Parmi le corpus restreint de ses œuvres, deux chapelles sont emblématiques de son travail et de son engagement : la chapelle Saint-Bénedict et la chapelle dédiée à Saint Nicolas de Flue*.

 

La chapelle Saint-Benedict est un petit édifice, reconstruite tout en bois, en forme de feuille, situé à Sumvitg, une petite commune des Grisons.


Elle s'inscrit parfaitement dans le paysage. L’enveloppe est faite de petites tuiles en bois (tavaillons de mélèze) dont la couleur brun-rouge vire au gris-noir lorsqu'il pleut abondamment.

A l'intérieur,
une ligne continue de lumière naturelle, placée au sommet de la paroi semble décoller la charpente, en forme de coque de navire inversée, du reste de l’édifice.  Les poteaux qui la soutiennent et leur verticalité régulière accentuant l'impression d'élévation.

 



 

La seconde chapelle est une histoire incroyable. L'architecte l'a conçue pour un riche fermier qui souhaitait remercier de Dieu pour sa réussite en faisant bâtir une chapelle pour son saint patron. Contacté par le fermier, Peter Zumthor avait d'abord refusé, puis s'était ravisé. Il a créé un projet que les fermiers et ses amis ont pu réaliser avec les matériaux de la région.

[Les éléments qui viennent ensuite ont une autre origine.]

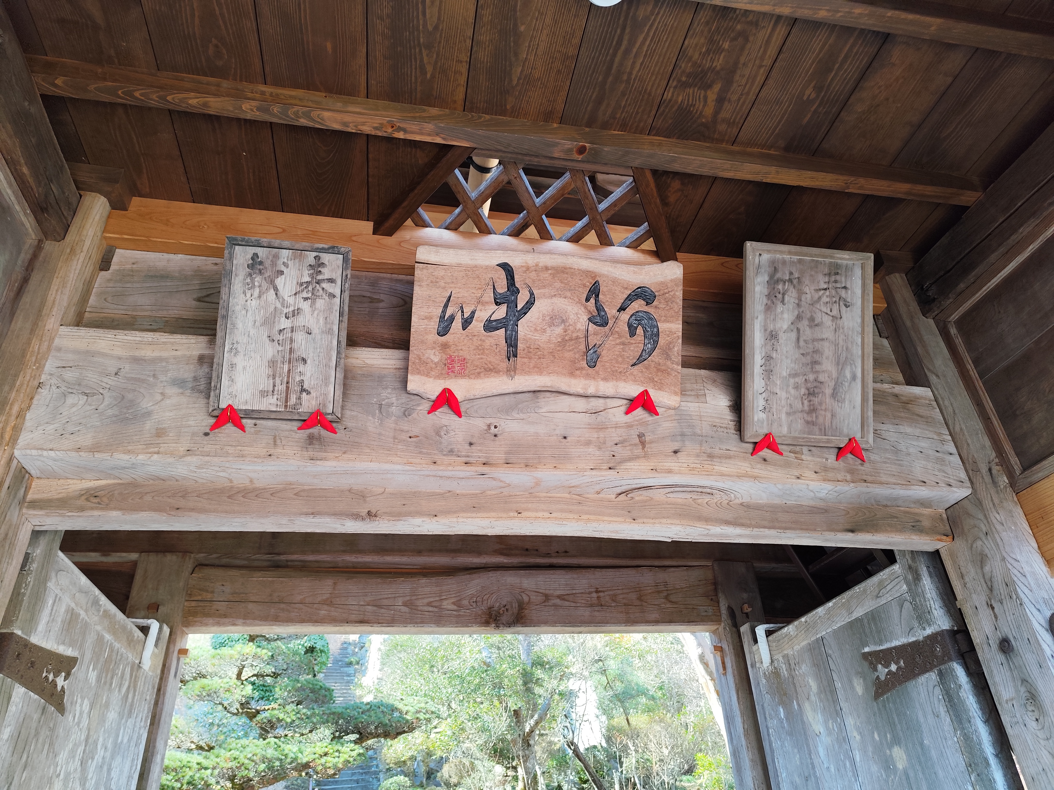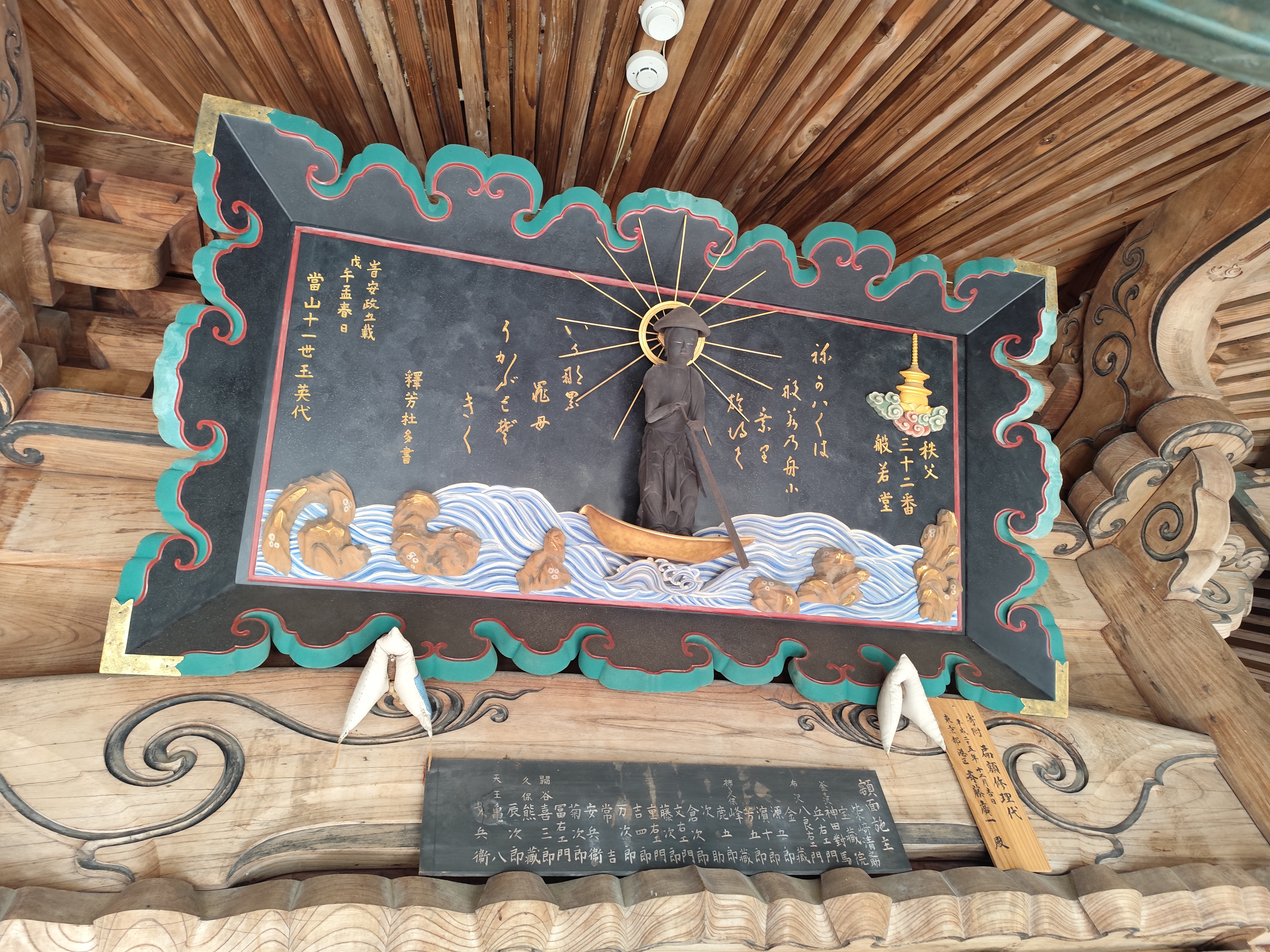 また、建物の正面には「補陀巌」「般若堂」が掲げられ、他にも内陣入り口の欄間には江戸時代の安政5年(1858)に作られた扁額もある。

112 troncs de pins de 12 m de haut furent rassemblés en un tipi géant, formant une goutte et dont le sommet laisse passer la lumière et la pluie.  Le sol fut recouvert de plomb provenant des mines voisines. Avec le gravier, le sable et le ciment local, le fermier et ses amis réalisèrent un coffrage de béton tout autour du tipi puis mirent le feu aux arbres.


A l'intérieur, les troncs ont laissé leur marque noircie et le plomb fondu a dessiné des courbes aléatoires. Peter Zumthor fait rajouter 350 billes de verre qui, comme des vitraux, drainent la lumière.

 

Si l'intérieur est minuscule (un banc et une statue du saint), la chapelle inclut a l'extérieur l'ensemble des champs, l'édifice se prolongeant dans la nature par l'intermédiaire d'un banc de béton entourant la chapelle et permettant aux pèlerins de se reposer.

 

*Nicolas de Flüe (1417-1487), est un mystique suisse, fermier, qui, à 45 ans, abandonna son épouse et ses 12 enfants pour devenir ermite. Il joua un rôle capital lors de la Diète de Stans (1481) dans l'élaboration de la Suisse et des liens entre les cantons.